4. The hydroponic rice planting system based on a greenhouse multi-layer structure according to claim 3, wherein a monitoring period is arranged in the regulation and control determining module,

The image monitor acquires actual images of the rice at each monitoring moment according to the monitoring period,

The identification calculation module determines actual growth process parameters of different growth periods of the rice according to the actual image;

and the regulation and control determining module determines the actual circulation rate of the nutrient solution pipeline circulation according to the actual growth process parameters.

5. The hydroponic rice planting system based on a multi-layer structure of a greenhouse of claim 4, wherein a standard liquid level evaluation range is arranged in the regulation and control determining module,

The liquid level sensor monitors the actual liquid level height in the liquid supply nutrition barrel,

And the regulation and control determining module determines the supplement rate of the supplied nutrient solution according to the actual liquid level height and the standard liquid level evaluation range, or sends out a first alarm signal.

6. The hydroponic rice planting system based on a multi-layer structure of a greenhouse of claim 5, wherein the regulation and control determining module is internally provided with a circulating concentration difference evaluation value,

The first EC detector obtains the actual concentration of the feed liquid of the feed nutrient liquid according to the monitoring period,

The second EC detector acquires the actual concentration of the returned liquid of the residual nutrient solution according to the monitoring period,

The regulation and control determining module is used for determining the concentration of the supplied nutrient solution according to the cyclic concentration difference value and the cyclic concentration difference value, or sending out a second regulation signal;

the circulating concentration difference value is the absolute value of the difference value between the actual concentration of the liquid supply and the actual concentration of the liquid return.

7. The hydroponic rice planting system based on a multi-layer structure of a greenhouse of claim 6, wherein the regulation and control determining module is internally provided with a circulating valve opening evaluation value,

The regulation and control determining module determines the opening or closing of the circulating valve according to the actual concentration of the liquid return and the opening evaluation value of the circulating valve,

Wherein, the value of the circulating valve opening evaluation value is in direct proportion to the actual concentration of the liquid supply.
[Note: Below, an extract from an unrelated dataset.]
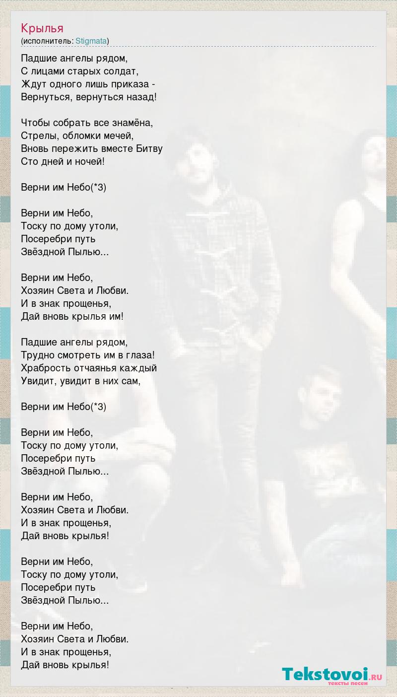 Падшие ангелы рядом, С лицами старых солдат, Ждут одного лишь приказа - Вернуться, вернуться назад! Чтобы собрать все знамёна, Стрелы, обломки мечей, Вновь пережить вместе Битву Сто дней и ночей! Верни им Небо(*3) Верни им Небо, Тоску по дому утоли, Посеребри путь Звёздной Пылью... Верни им Небо, Хозяин Света и Любви. И в знак прощенья, Дай вновь крылья им! Падшие ангелы рядом, Трудно смотреть им в глаза! Храбрость отчаянья каждый Увидит, увидит в них сам, Верни им Небо(*3) Верни им Небо, Тоску по дому утоли, Посеребри путь Звёздной Пылью... Верни им Небо, Хозяин Света и Любви. И в знак прощенья, Дай вновь крылья! Верни им Небо, Тоску по дому утоли, Посеребри путь Звёздной Пылью... Верни им Небо, Хозяин Света и Любви. И в знак прощенья, Дай вновь крылья!

8. The hydroponic rice planting system based on a multi-layer structure in greenhouse of claim 7, wherein said signal receiving module determines the actual concentration of said supply nutrient solution after adjustment based on said second adjustment signal,

The image monitor can monitor the growth condition of the rice on the planting plate after the concentration of the nutrient solution is regulated according to the monitoring period,

The identification unit can determine the effect of the regulating concentration on the rice growth according to the monitoring result,

And the regulation and control determining module determines the monitoring precision level of the image monitor according to the identification result.